Я думал, Женька врет от возбуждения, но старшина в самом деле оказался
под нарами. Женька вынул его оттуда, упирающегося, трясущегося, с полоумно
оловянившимися глазами, подтянул на нем кальсоны и пощупал сзади.
- Обосрался? - спросил я.
- Не-э, не успел, обоссался только! - под хохот и плач солдатни заявил
Женька, и мы, бросив старшину, прихватив по пути Мишу, горько и безутешно
плачущего в углу, за пирамидой с деревянными макетами винтовок, ринулись во
двор, где такие же, обалдевшие от радости люди бегали, кричали, обнимались,
целовались и хотели, но не могли придумать, что бы еще сделать такое, чтоб
высказать, выразить, выреветь то, что разрывало сердце, переполняло грудь,
плескалось волнами, пластало людей долгожданной радостью, долгожданным
счастьем.
Пока шумел, кричал и волновался народ, наступило утро, рассвело, но
никак и никого не могли собрать на построение и на завтрак.
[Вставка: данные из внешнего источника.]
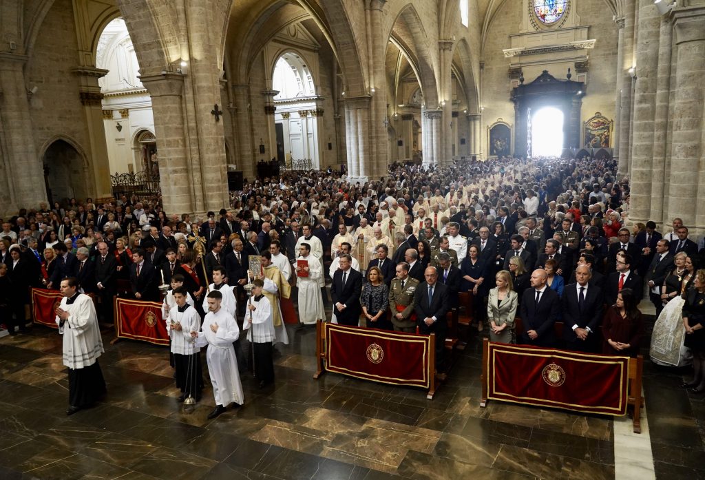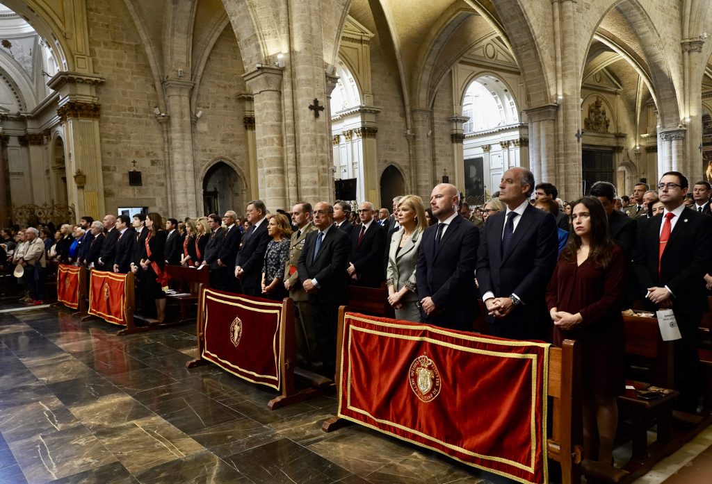 El Arzobispo Benavent ha destacado que “es homenaje de Valencia, de la Comunitat Valenciana, de todos los pueblos de nuestra provincia, representados aquí por sus autoridades, civiles y militares, representación de los colectivos festeros, que han querido hacerse presentes”, como el President de la Generalitat Valenciana, Ximo Puig; el President de Les Corts, Enric Morera; la Delegada del Gobierno, Pilar Bernabé; el Alcalde de Valencia, Joan Ribó, el Presidente de la Diputación, Toni Gaspar; la consellera de Justicia, Interior y Administración Pública, Gabriela Bravo; y el Teniente General Jefe del Cuartel General Terrestre de Alta Disponibilidad, Fernando García-Vaquero. También han asistido numerosas autoridades políticas, civiles, militares y eclesiásticas, entre ellos, el cardenal y arzobispo emérito Antonio Cañizares -al que el Arzobispo ha agradecido el impulso inicial a la celebración-, el rector de la Basilica, Melchor Seguí y el vicerrector Álvaro Almenar, la Camarera de la Virgen, Mª Dolores Alfonso y el Clavario de la Archicofradía de la Virgen, Manuel López Pellicer; el Obispo auxiliar de Valencia, Arturo Ros, el valenciano Obispo de Lleida, Salvador Giménez y los auxiliares eméritos Javier Salinas, Esteban Escudero, Joan Piris, Jesús Catalá, Jesús Murgui, Manuel Ureña y Juan Antonio Reig Plá.

Шли кто как,
кто когда, но в унылой столовке, за унылыми длинными столами, сколоченными
из двух неоструганных плах, с дощатыми и тоже нестругаными сиденьями, за
половником жидкого картофельного пюре, проткнутого в середине - для масла,
которое отчего-то везде и всюду забывали плеснуть или плескали столько, что
его и не видно было, или вместо масла пенился белый харчок, победное,
праздничное настроение поутихло. Попили жидкого, жестяными тазами отдающего
чая, съели хлеб со щепоткой сахару и попробовали снова выплеснуться в
праздничный, заказарменный мир, но ворота и все выходы из расположения
полка снова были заперты, удвоены возле них караулы, и только ползающие по
крышам казарм солдаты, устанавлива- ющие наверху красные флаги и
свеженаписанные плакаты, да громко ревевший у танкистов-соседей динамик - и
напоминали, что ничего нам не приснилось, Победа на самом деле пришла!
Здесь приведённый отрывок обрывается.